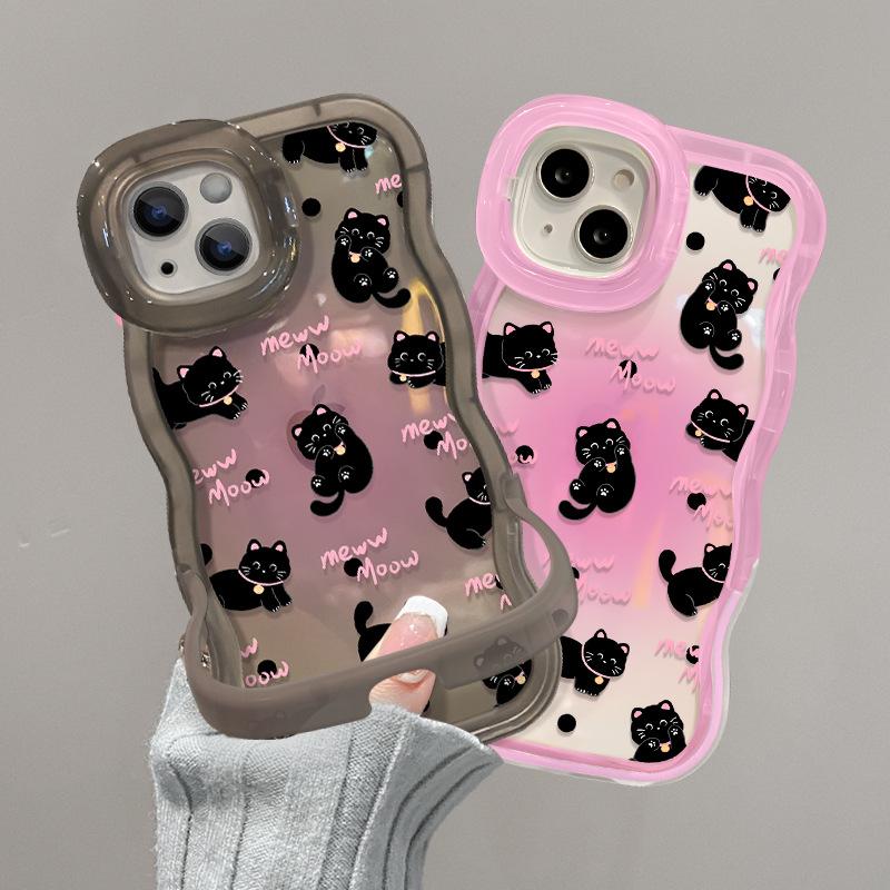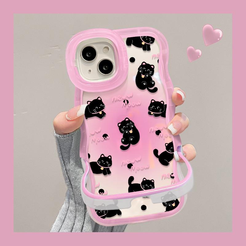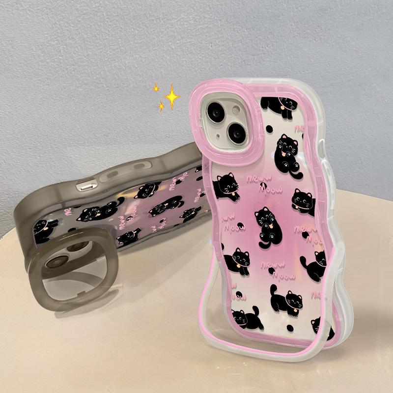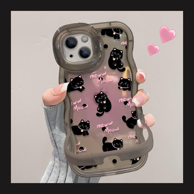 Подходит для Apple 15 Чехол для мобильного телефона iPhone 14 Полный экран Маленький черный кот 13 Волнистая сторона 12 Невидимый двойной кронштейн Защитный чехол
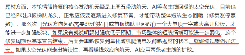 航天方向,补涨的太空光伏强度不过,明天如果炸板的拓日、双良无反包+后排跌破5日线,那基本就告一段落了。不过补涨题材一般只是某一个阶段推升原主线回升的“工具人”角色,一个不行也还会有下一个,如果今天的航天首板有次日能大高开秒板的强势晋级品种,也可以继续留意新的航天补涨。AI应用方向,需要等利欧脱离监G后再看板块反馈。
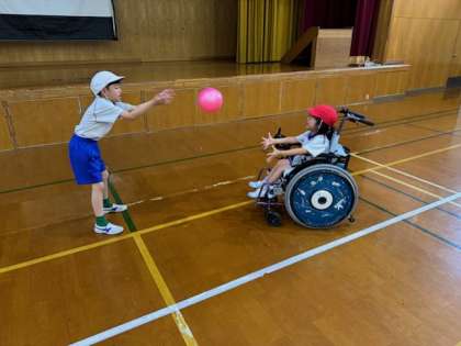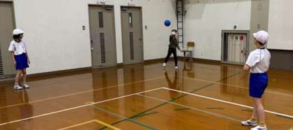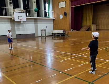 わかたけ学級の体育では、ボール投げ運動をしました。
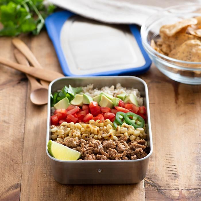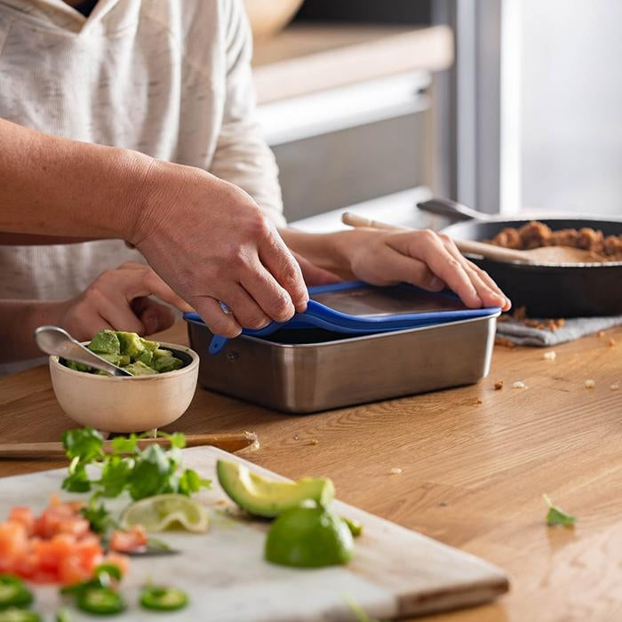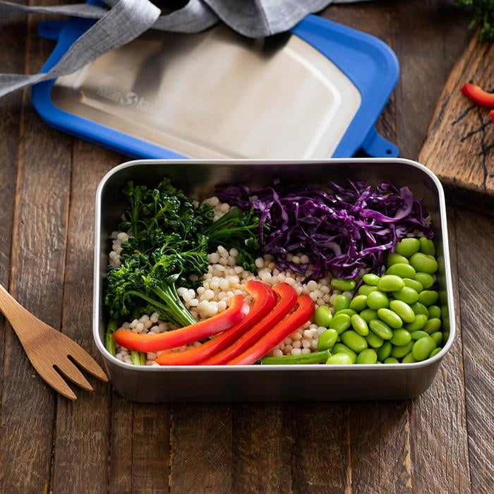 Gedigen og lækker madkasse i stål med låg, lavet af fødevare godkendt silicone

**Task to complete**
Starting with the line that contains "航天方向,补涨的太空光伏强度", copy every line word for word through the end of the listing above, but leave out the pictures.

**Written solution**
 航天方向,补涨的太空光伏强度不过,明天如果炸板的拓日、双良无反包+后排跌破5日线,那基本就告一段落了。不过补涨题材一般只是某一个阶段推升原主线回升的“工具人”角色,一个不行也还会有下一个,如果今天的航天首板有次日能大高开秒板的强势晋级品种,也可以继续留意新的航天补涨。AI应用方向,需要等利欧脱离监G后再看板块反馈。
 わかたけ学級の体育では、ボール投げ運動をしました。
 Gedigen og lækker madkasse i stål med låg, lavet af fødevare godkendt silicone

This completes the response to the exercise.